(Listed entries Opens)

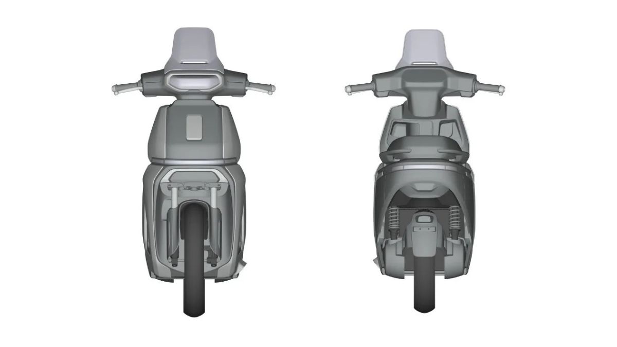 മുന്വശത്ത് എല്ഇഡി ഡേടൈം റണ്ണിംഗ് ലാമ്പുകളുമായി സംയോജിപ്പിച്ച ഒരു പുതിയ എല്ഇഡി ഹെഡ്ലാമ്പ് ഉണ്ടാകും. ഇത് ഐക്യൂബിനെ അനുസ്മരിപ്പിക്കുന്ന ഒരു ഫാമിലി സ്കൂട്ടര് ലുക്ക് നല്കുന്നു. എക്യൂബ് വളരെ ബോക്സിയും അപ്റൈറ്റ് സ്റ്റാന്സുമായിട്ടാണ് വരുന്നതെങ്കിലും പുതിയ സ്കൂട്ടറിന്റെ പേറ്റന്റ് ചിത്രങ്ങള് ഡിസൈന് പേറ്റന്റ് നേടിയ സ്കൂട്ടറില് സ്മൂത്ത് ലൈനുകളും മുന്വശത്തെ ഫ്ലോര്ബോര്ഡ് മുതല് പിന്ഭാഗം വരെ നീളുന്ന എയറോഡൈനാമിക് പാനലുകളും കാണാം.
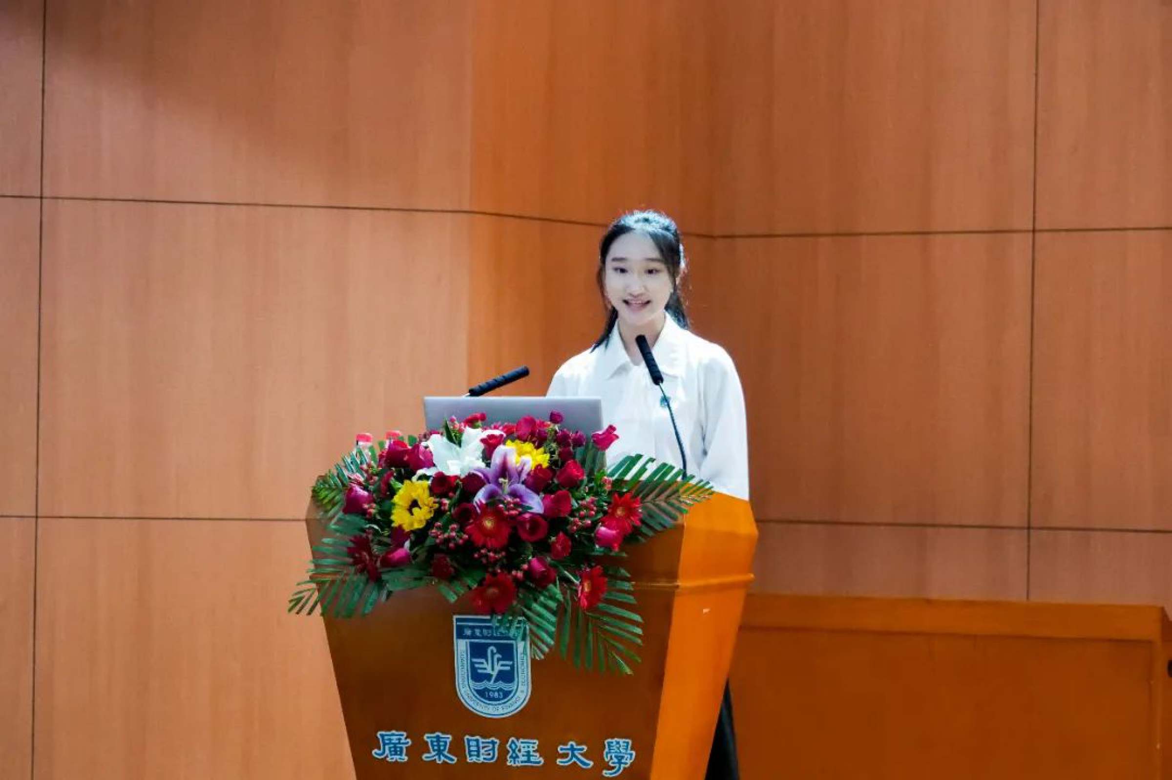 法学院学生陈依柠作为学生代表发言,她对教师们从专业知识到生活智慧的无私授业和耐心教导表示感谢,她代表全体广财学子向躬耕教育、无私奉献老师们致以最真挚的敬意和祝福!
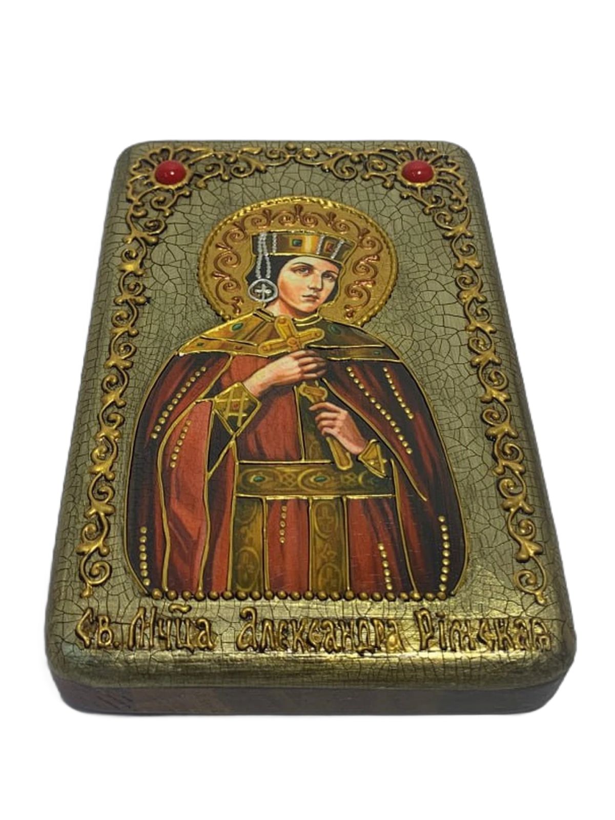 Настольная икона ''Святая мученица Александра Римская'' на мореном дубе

(Listed entries Closes)
(Listed entries Opens)

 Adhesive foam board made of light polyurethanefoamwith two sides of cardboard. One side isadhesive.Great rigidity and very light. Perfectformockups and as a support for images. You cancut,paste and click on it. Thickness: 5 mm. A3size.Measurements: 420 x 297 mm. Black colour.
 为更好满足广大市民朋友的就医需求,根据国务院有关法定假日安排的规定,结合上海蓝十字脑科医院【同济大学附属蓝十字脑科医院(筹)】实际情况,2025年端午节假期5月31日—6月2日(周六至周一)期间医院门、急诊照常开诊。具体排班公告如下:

(Listed entries Closes)

Task to complete — Set down, exactly as they appear above, all lines from the one that has "Adhesive foam board" down to the one that has "为更好满足广大市民朋友的就医", including those two and no others.

Output for this task —
 Adhesive foam board made of light polyurethanefoamwith two sides of cardboard. One side isadhesive.Great rigidity and very light. Perfectformockups and as a support for images. You cancut,paste and click on it. Thickness: 5 mm. A3size.Measurements: 420 x 297 mm. Black colour.
 为更好满足广大市民朋友的就医需求,根据国务院有关法定假日安排的规定,结合上海蓝十字脑科医院【同济大学附属蓝十字脑科医院(筹)】实际情况,2025年端午节假期5月31日—6月2日(周六至周一)期间医院门、急诊照常开诊。具体排班公告如下:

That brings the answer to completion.